[Exercise prompt] Output exactly, please, the lines of the records below from the one containing "Visita agli impianti di kiwi." through the final line.

===============

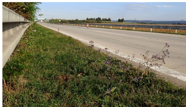
Obr. 3. Limonka Gmelinova ( Limonium gmelinii) ve středním dělicím pásu na dálnici D2 u Rakvic (37,0–36,5 km), 20. 9. 2015.

Vegetace středního dělicího pásu se nejméně jednou ročně seče, avšak v různých letech může být počet sečí i jejich ter-
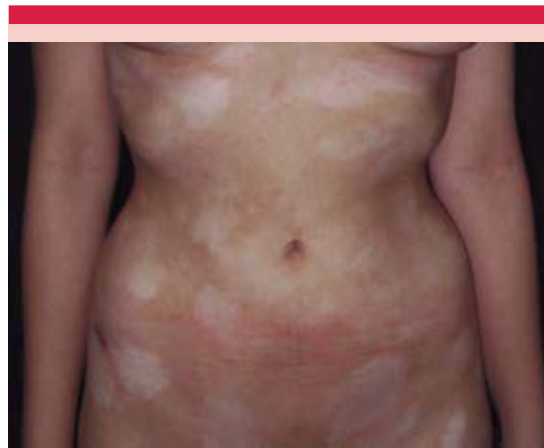
Figura 1. Características clínicas de la micosis fungoide hipopigmentada.

La causa de esta entidad se desconoce; sin embargo, se han propuesto múltiples factores infecciosos, genéticos y ambientales como po-
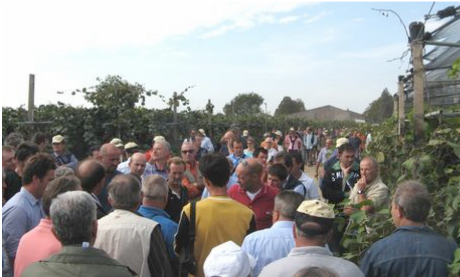
Visita agli impianti di kiwi.

Le giornate si sono svolte nell'azienda di Zevio (VR) , una delle tre sedi dove la Dal Pane svolge l'attività vivaistica su 18 ettari, con la produzione di piante di Hayward, Jintao e Summer 3373. Su altri 10 ettari sono coltivate e già in produzione le varietà Summer 3373 e Jintao. La Dal Pane Vivai detiene i diritti in esclusiva della produzione delle piante.

===============

[Task result]
Visita agli impianti di kiwi.

Le giornate si sono svolte nell'azienda di Zevio (VR) , una delle tre sedi dove la Dal Pane svolge l'attività vivaistica su 18 ettari, con la produzione di piante di Hayward, Jintao e Summer 3373. Su altri 10 ettari sono coltivate e già in produzione le varietà Summer 3373 e Jintao. La Dal Pane Vivai detiene i diritti in esclusiva della produzione delle piante.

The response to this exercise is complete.